Dam Construction

In the six and a half years that elapsed between the groundbreaking ceremony of April, 1967 and Keowee / Toxaway’s formal dedication of October 1973, unbelievable activity took place. Central to the plan was the construction of three dams. Two of these were required to impound water that would become Lake Keowee, a body of water with a surface area of 18,400 acres at full pond and boasting a 300 mile shoreline. Of both acreage and shoreline, an estimated 75% lies within Oconee County. Elevation is 800 feet above sea level, 140 feet above neighboring Lake Hartwell.

Keowee Dam was constructed on Keowee River, near Old Pickens, just above Lake Hartwell’s full pond. The Newry Dam was constructed on Little River, near Newry, again just beyond Hartwell’s reach. Natural topography provided a situation where each of the dams created its own lake, a situation that was resolved by the construction of a connecting canal, located in the general vicinity of the Keowee Dam.
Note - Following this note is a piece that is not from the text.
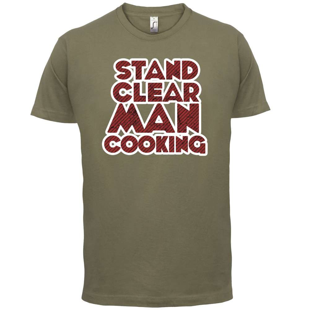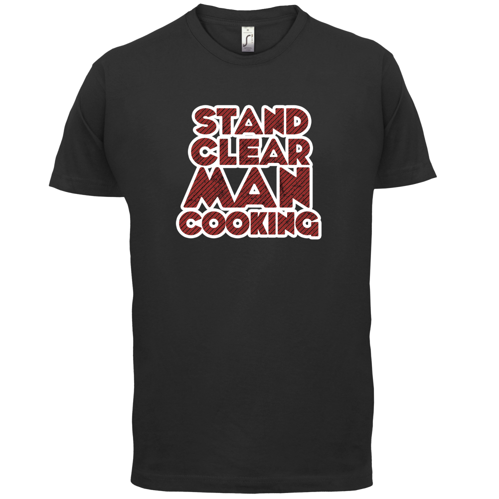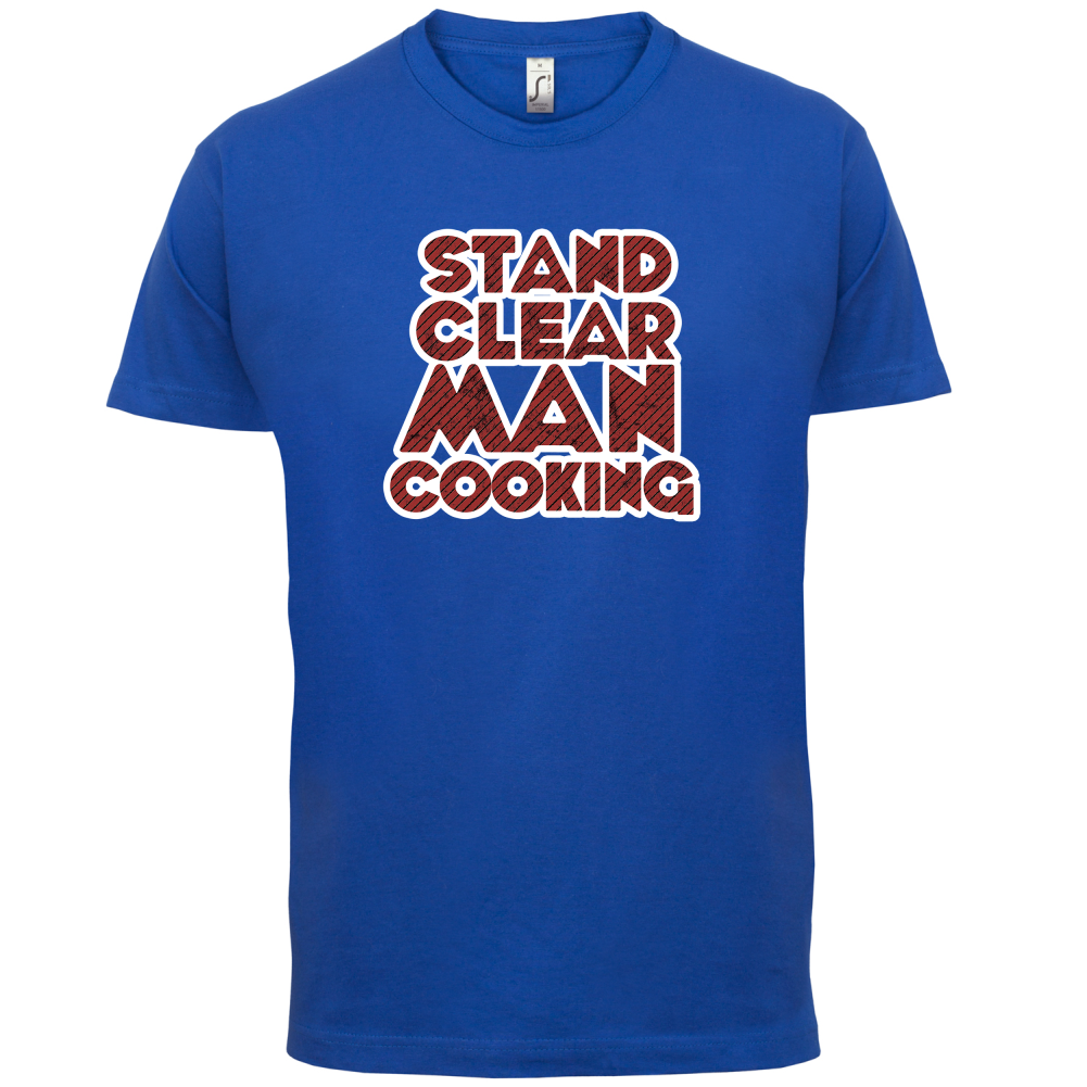 Mens Unisex T-Shirt, our men's Stand Clear Man Cooking t shirt is printed onto our premium 190 GSM one piece crew neck t-shirt. Available in 10 Colours and from Size Small to XXL.

During these construction years, all ‘soon to be submerged’ basins, were cleared. Wells were filled in, obstructions smoothed out, timber as well as brush totally cleared out or burned, cemeteries relocated, buildings moved or destroyed etc.

Jocassee Dam was constructed on the Keowee River, about 13.5 miles along the thread of the old riverbed, upstream from the Keowee Dam. Lake Jocassee resulted; a paradise with 7,500 acres of surface water and elevation of 1100 feet above sea level, of which, well over half are in Oconee.

Keowee’s Hydro Station, three silo type buildings housing Babcock & Wilcox nuclear reactors and various lessor construction took place at the Keowee Dam site. Jocassee’s Pumped Storage Station, including two 33.5 foot diameter, concrete lined tunnels, completed the Jocassee site.

The project, by its 1973 dedication, was well on its way to becoming the world’s largest operating nuclear power plant, an achievement that would be reached a year later.


Bad Creek Pumped Storage Project

Duke Power’s Bad Creek Hydroelectric Station is located about eight miles north of Salem, just above the backwaters of Lake Jocassee. While it is the Company’s 27th hydrolectric station, it is the largest on the Duke system. It is also only their second pumped-storage hydro facility. Construction of the dam and hydroelectric station began in 1982, and while not originally a part of the Keowee/Toxaway Project, it’s role as one of two pumped-storage facilities fills a vital role in the overall project. The hydro station, or power house, is a marvel. Constructed inside a mountain, the station generates power as water is released from the upper storage reservoir, Bad Creek, through the station, and discharged into the lower lake, Jocassee. This is accomplished by the use of an underground tunnel, thirty feet in diameter and three-quarters of a mile long.

During off-peek hours, when demand for power is low, water is pumped from the lower reservoir back to the upper reservoir for storage and future electrical generation, hence the term ‘pump storage’. Pumped-storage-generation, albeit ingenious, was not a new concept at the time of construction. As early as 1916, Richard Pfaehler, a Prussian engineer recruited by James B. Duke, advocated a pumped-storage generating unit in what was later to become the Keowee-Toxaway Project. With Bad Creek at full pond and generating with all four units, power can be generated for twenty-four hours as the lake is drawn down 160 feet. Thirty-two hours would then be required to pump water from Jocassee back into Bad Creek, re-establishing full pond.

Due to dangers resulting from extreme fluctuations of water levels, Bad Creek is not accessible to the public, although viewing ‘vantage points’ have been established. Periodically, guided tours of the underground power plant have also been conducted.